By Hugh Pym
Economics editor, BBC News
Things are looking grim in the jobs market.
There will be few sectors of the economy untouched by unemployment
In recent months there have been some crumbs of comfort, with record numbers in work.
But those crumbs have been carried away by the financial storms.
It is hard for anyone, in government or elsewhere, to put a positive spin on the figures.
In the three months to August there was the biggest increase in the official unemployment figure (the wider measure in line with other countries) since 1991.
This of course was in the middle of the last recession.
Just as ominous was the slide in the numbers of people in jobs, the biggest since 1993.
These numbers are serious and indicative of the scale of the unemployment problem now facing the UK.

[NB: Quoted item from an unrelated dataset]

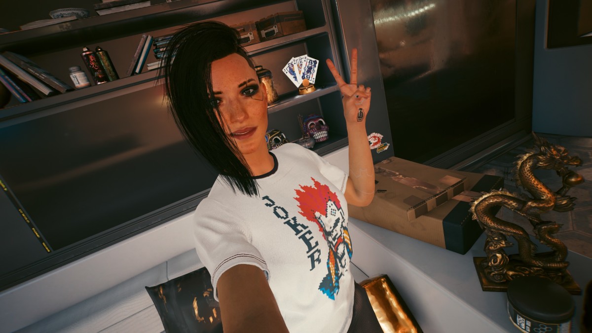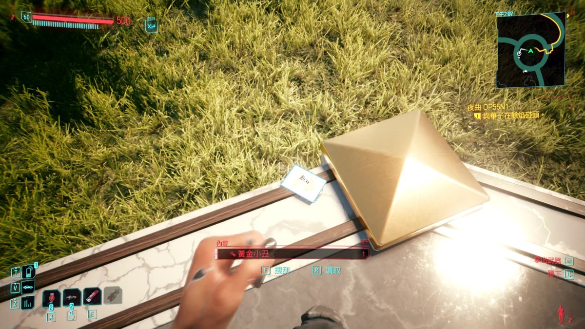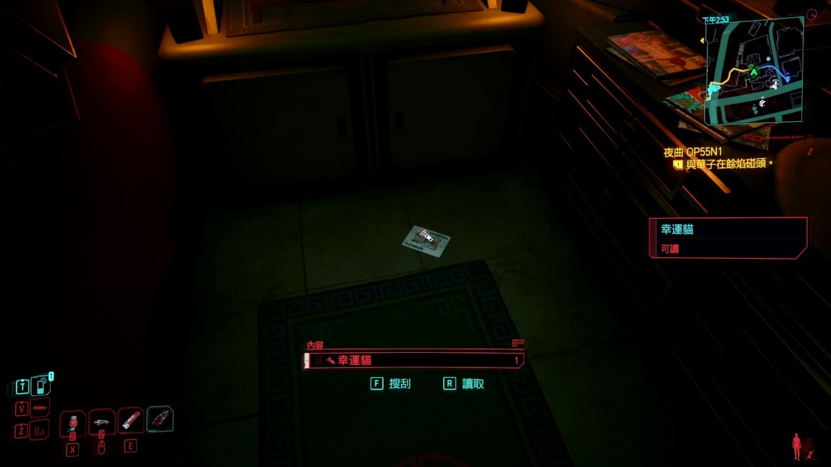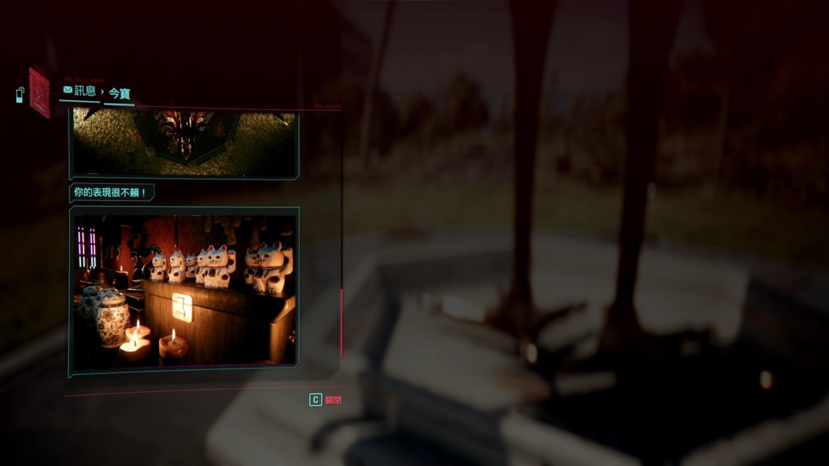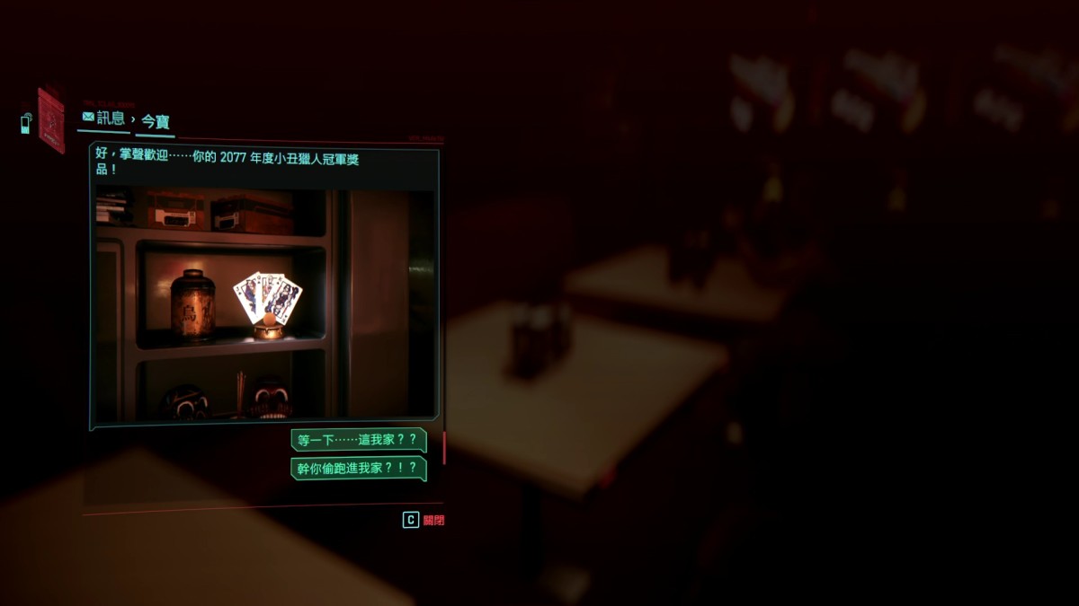 於是今寶就會告訴你——你獲得了「2077年度小丑獵人冠軍獎品」,也就是此次聯動任務中的新公寓擺設。此外,在你完成這次尋寶之旅的同時,記得撿起在櫻花市集餐館裡的禮物,那是這次活動送你的一件印有小丑標誌的白色紀念T恤。

Two million jobless by Christmas, up from the latest figure of 1.79 million, now seems a realistic prediction (it didn't as recently as a month or so ago).
'Steeped in gloom'
So how bad will it be? There will be misery in many families around the country as jobs are lost.
There will be few sectors of industry untouched by the curse of unemployment.
Businesses associated with the housing market, financial services and leisure are the most vulnerable.
But, ominously, manufacturing is steeped in gloom too.
Exporters of products made in the UK were one of the bright hopes for the economy as the consumer area fell back.
It does not seem to have worked out like that.
Not so bad?
But let's keep things in perspective.
It was not that long since unemployment was last at two million, the spring of 1997 in fact. That was when Labour came to power.
Is unemployment heading for the worst levels in decades?
It may be politically awkward for the government if it can no longer highlight a lower jobless total as one of its achievements.
But many households will feel that if 1997 is as bad as it gets that is not so bad after all.
The UK still enjoys a lower unemployment rate that many leading competitors.
France and Germany's 7.3% do not look healthy next to the UK's 5.7%.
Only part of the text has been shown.